Когда первый дым рассеялся, стали думать, что же теперь делать со школой. Просто переводить в другую было бесполезно — конституцию проходили ведь во всех седьмых классах, а что на эти уроки он все равно ходить не собирается, Юра успел выкрикнуть в первый же день возвращения, пока папа гонялся за ним по квартире с вешалкой от брюк в руке. «Выходить мерзавца» ему так и не удалось, он ведь был сердечник и не мог выиграть в соревнованиях по бегу. Папа никогда нас не наказывал, и я подозреваю, что ему не больно-то и хотелось начинать…
Юру спасла бабушка. Надо сказать, что на этот раз она действительно повела себя как любящая бабушка. Она появилась у нас без приглашения, железным голосом объявила, что она все знала: и про Третьяковку рассказала, и про Юрины безусловные способности к литературе, и про глубину его натуры, и еще про многое, о чем у родителей до тех пор не было времени задуматься. Вердикт: она забирает Юру в школу, куда сама устраивается работать дополнительно, на полставки (ее основная школа была ведь женской). Все молча согласились, а какой у них был выход? Забегая вперед, скажу, что Юру в его новой школе очень далеко от дома как подменили. Он вдруг — и навсегда — обрел интерес к наукам и стал учиться просто блестяще. А с конституцией орденоносец-бабушка управилась легко — просто Юре дали не золотую медаль, а серебряную (по конституции — четыре; оно и правда четыре: в одной школе два да в другой два!).

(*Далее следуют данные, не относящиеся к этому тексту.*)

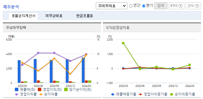 -2024년 3월 전년동기 대비 연결기준 매출액은 11.5% 증가, 영업이익은 77.4% 증가, 당기순이익은 54.6% 증가. 매출의 대부분을 구성하고 있는 자동차용 커넥터, 전자모듈, 전자용 커넥터 부문에서의 매출 상승으로 인해 수익성이 강화되었음. 2024년 자동차부문 제품평균가격이 전년동기대비 4% 증가하였으며, 전자부문의 경우 제품 평균 가격은 전년동기대비 동결되었음.
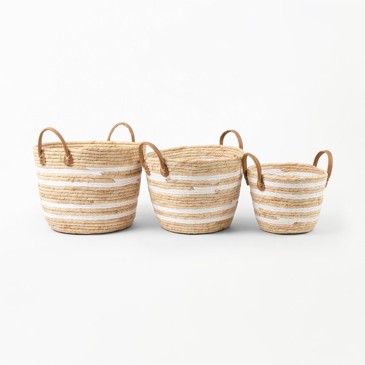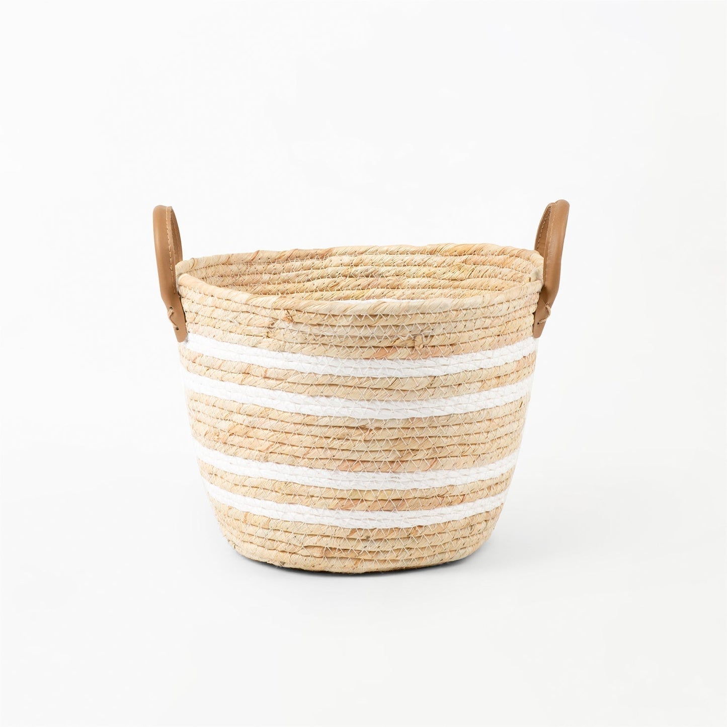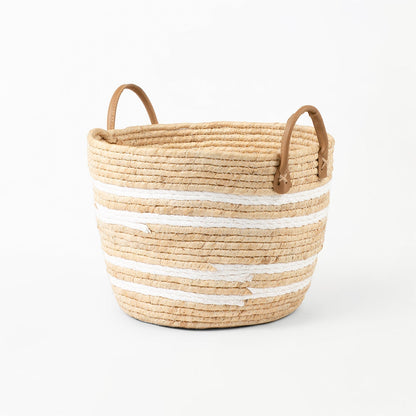 Add a touch of natural warmth to your home decor with our White Stripe Natural Woven Basket with Leather Handle.

Юрина эпопея была, наверное, одной из «трудностей», на которые ссылалась в разговоре с моим лечащим врачом моя мама, не желая забирать меня из больницы. Но только одна из… Более того, как это нередко бывает, неприятная эта история послужила улучшению отношений Юры с папой и папы с Юрой. Брат, по-видимому, впервые ощутил, что он дорог этому человеку (обращение к Мехлису в те времена с огромной вероятностью могло не просто привести «ответработника» к служебному краху, а иметь и еще более тяжкие последствия). Папа тоже, видимо, понял, что нельзя жить в семье и чуть ли не не замечать человека, которого ты признал как своего сына. В результате Юру впервые в жизни отправили на юг, в Хосту, под Сочи, где у папиной организации был пионерский лагерь «санаторного типа». А Юра, не знаю, с какого времени, но когда я вернулась из больницы — уж точно, стал называть Григория Сергеевича папой, сначала редко, в отдельных случаях, а потом привык…

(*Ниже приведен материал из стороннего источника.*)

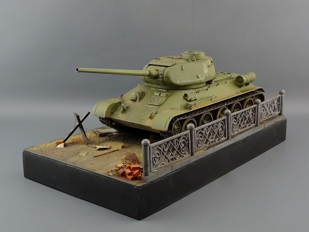 Александр, привет! Почту за честь открыть страничку с комментариями к очередной тридцатьчетверке! Модель хороша. Небольшой кусочек уличного интерьера выглядит просто, но гармонично.

Мамин план переезда из Дома на Набережной в несравненно менее сановитый дом 11 по Большой Калужской вряд ли имел главной — уж не говорю единственной — причиной эту эпопею. План этот, глобальный по сути, созрел тем не менее у главного стратега нашей жизни довольно быстро. Просто маме уже невмоготу было жить в том доме не то что на вторых, а на десятых ролях. Но с этим она не могла управиться никакой малой ценой. Для любого даже маленького шажка наверх требовалось папино дальнейшее продвижение по службе. Но ему некуда было продвигаться! Он и так был первым заместителем наркома, вверх значило — в наркомы. Но это было не только невозможно (эти вопросы решались не мамой, совсем не мамой), но скажи папе, что завтра он проснется наркомом, он, я уверена, предпочел бы не просыпаться. Ему, бедному, и так приходилось очень тяжело. Его путь от подпасков через реку от Барятина до члена правительства со всеми кремлевскими привилегиями был так стремителен, что и не такому, полностью лишенному всяких амбиций, человеку это не могло бы не стоить чуть не полной потери ориентации…
Мама билась долго, но, конечно, понимала, что обречена на провал. Не в этом доме, а в этом круге, в который она так стремилась (и ощущала себя достойной), ей не предназначалось никакого иного места. Маме казалось это непростительной несправедливостью, и она мучительно искала выхода. Рассчитывать приходилось только на себя.